Selecting a planning tool
Top recommendations from participants' experience
Carefully consider where you are at and your level of planning maturity. An audit of users is a great way to begin the process of properly understanding and formulating requirements;
Process is equally, if not more, important than the tool. Do you need / are you ready for the highest level of functionality right away?;
Resilience is now a core component of digitalisation roadmaps so how is that defined for your business? The goal should be for the tool to help planning better orchestrate the end-to-end supply chain…not just make the forecast more accurate;
Consider the 4 dimensions of people, process, data and systems when you are defining priorities and forming your roadmap; capabilities need to be developed in all 4 dimensions to achieve best outcomes. In particular, the people dimension is absolutely critical so be prepared to rethink what the ‘planner of the future’ looks like;
The level of vendors’ ongoing investment into their software is a key criteria as tools are likely to continue evolving at speed;
Agree a timeframe upfront: selection should be a 12-week process (or less). Beyond that, it can run out of steam;
Using a tool selection framework is important to structure thinking: aim to create a shortlist of max four companies; conduct a proof of concept and reference vendors by talking to other users;
Buy-in: make the selection process transparent. Though it’s vital to get the buy-in of supply chain professionals, shifting the mindset of the wider business through effective change management is central to success. Overall, transforming an organisational mentality is about taking every employee on a journey; communicating the individual value of the changes for them, as well as what it means for the business going forwards. Great technology is only as good as the people using it. If employees aren’t convinced that new solutions will benefit them or their roles, siloed thinking and use of traditional tools such as Excel will continue, even if there are better technologies available.
Key considerations
- Should I be looking at next generation systems with out-of-the-box machine learning AI capability?;
- Single vs. multiple tools? How advantageous is it to use a single vendor?;
- Make or buy? In specific contexts with particular requirements, developing in-house capability may pay off. Bear in mind that some tools offer a ‘best of both worlds’ with, for example, out-of-the-box algorithms for the majority of machine learning demands but also capability for customisation within the same tool;
- Usability: if you have an in-house or particularly complex tool and your superusers move on, you could have a major problem;
- Getting right tools for job: job needs to drive tool, not other way around;
- Too many tools, not enough integration can cause organisations to act in silos;
- Transition into various tools: supply chain-centred but accessible to other functions;
- Dashboards and simplified visualisation are helpful to buy-in and consensus;
- Can the tool choose the right forecasting model?
Securing budget
Establishing robust business cases, winning senior management as well as stakeholder buy-in and, finally, securing the budget for new investments are among the mostly hotly debated topics of all.

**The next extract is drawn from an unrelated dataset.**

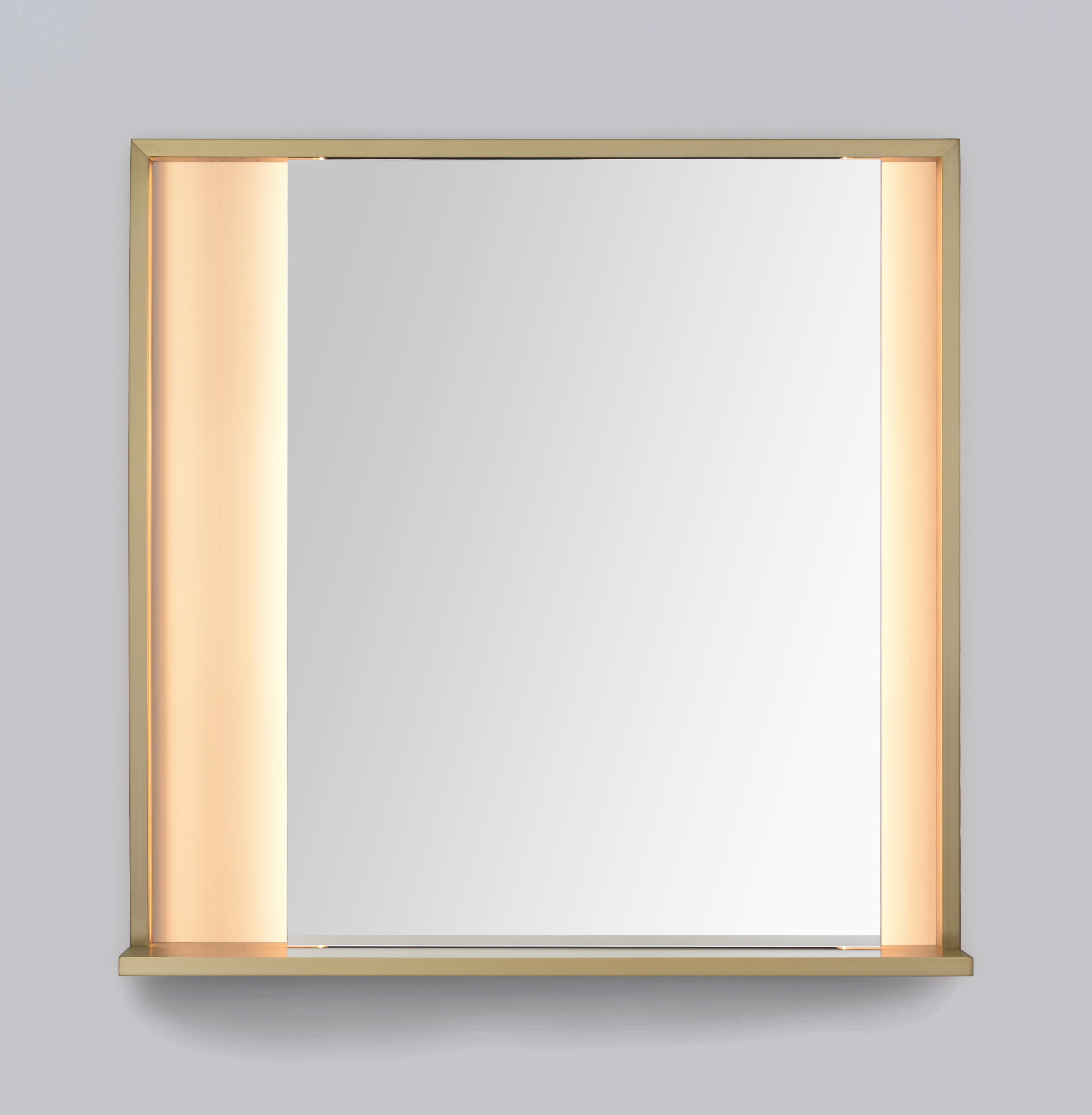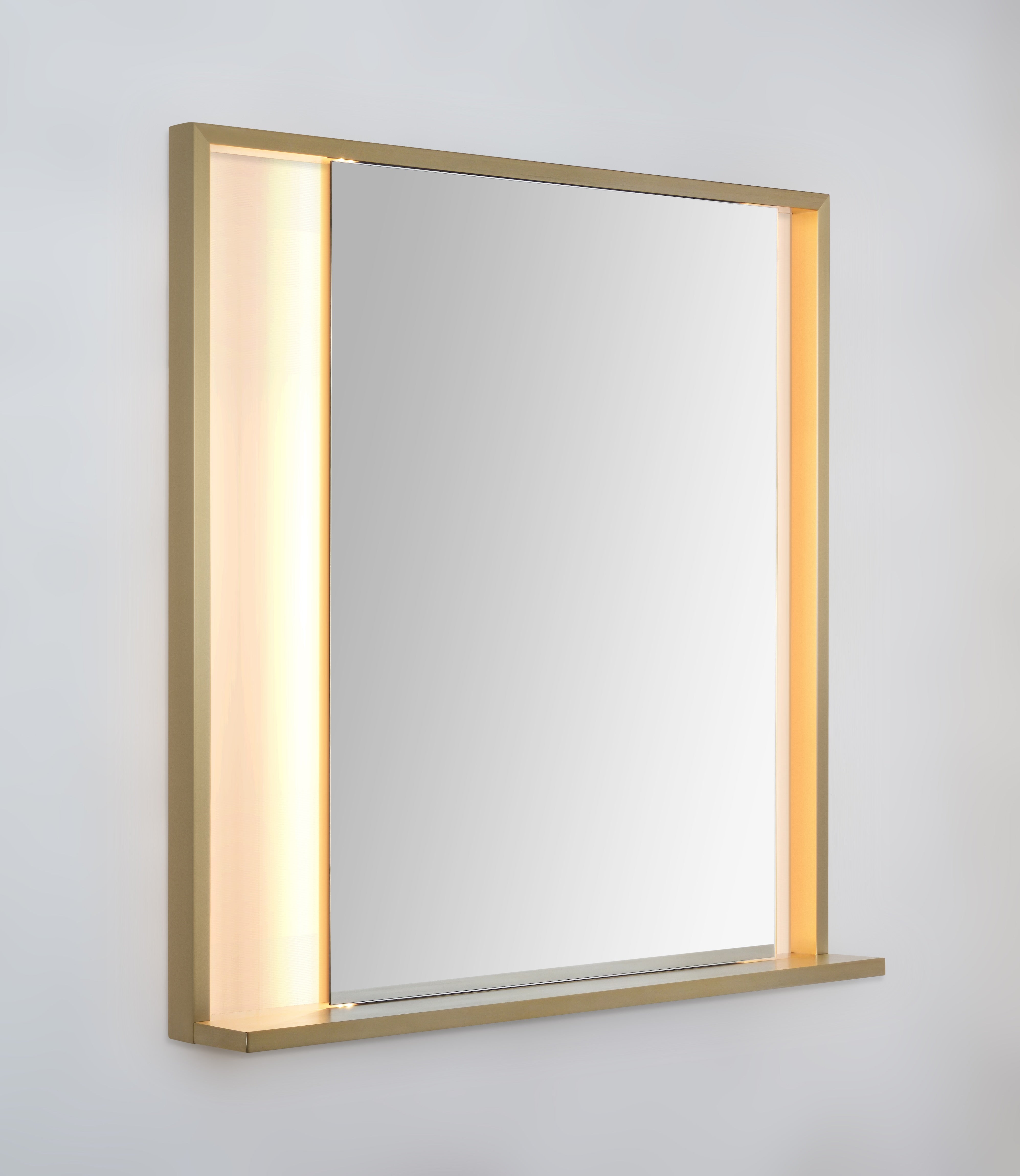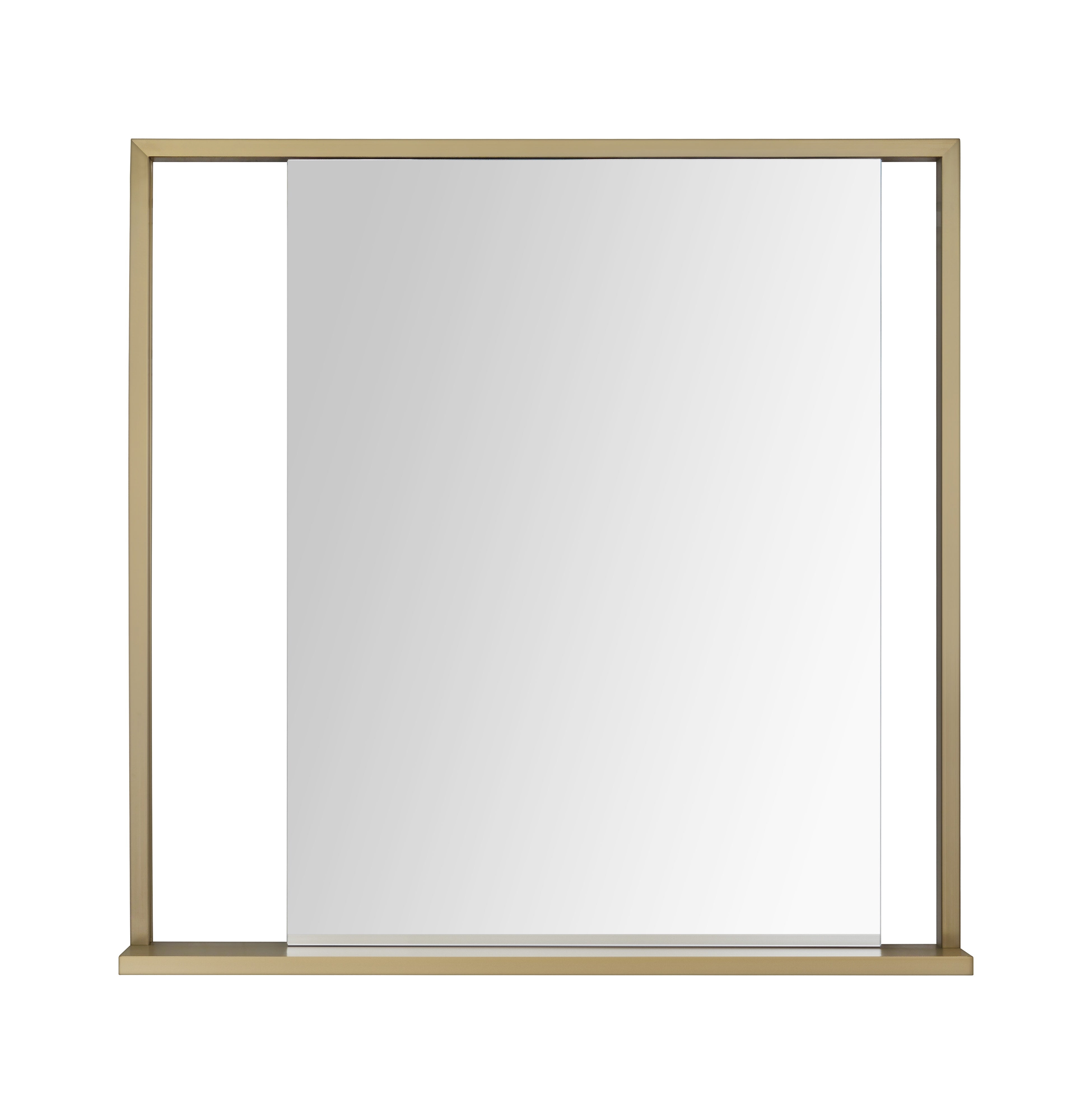 This mirror features a square shape and a gold frame, providing a sleek and sophisticated look. The mirror is also lit, allowing for optimal lighting and visibility. Upgrade your space with this stylish and functional addition.

Supply chain professionals generally tend to appreciate the scale and nature of the transformation at hand, but how should this be best communicated at board level, particularly when there might not be many / any members with a supply chain background?
Typically, SCDs needed to make the case for SC investments at two levels – first the executive team and then, if corporate governance requires it, the board. An effective business management process such as IBP (sometimes referred to as advanced S&OP) was the main platform which consolidated the product, demand, supply chain and financial plans for the business in preparation for senior meetings where the plan’s business decisions were taken. This process helped establish that investment is essential for the delivery of the plan as signed off by all functions, making a clear case to the executive team with all the detail it needed to present the investment to the board for approval.
Without such a process, it was generally more of a challenge to clearly explain the business deliverables of the investment and show the linkage to the business strategy. A key enabler was to work with the finance team to develop the return on investment and build out the business case with the broader non-financial deliverables of the investment.
With thanks to participants from...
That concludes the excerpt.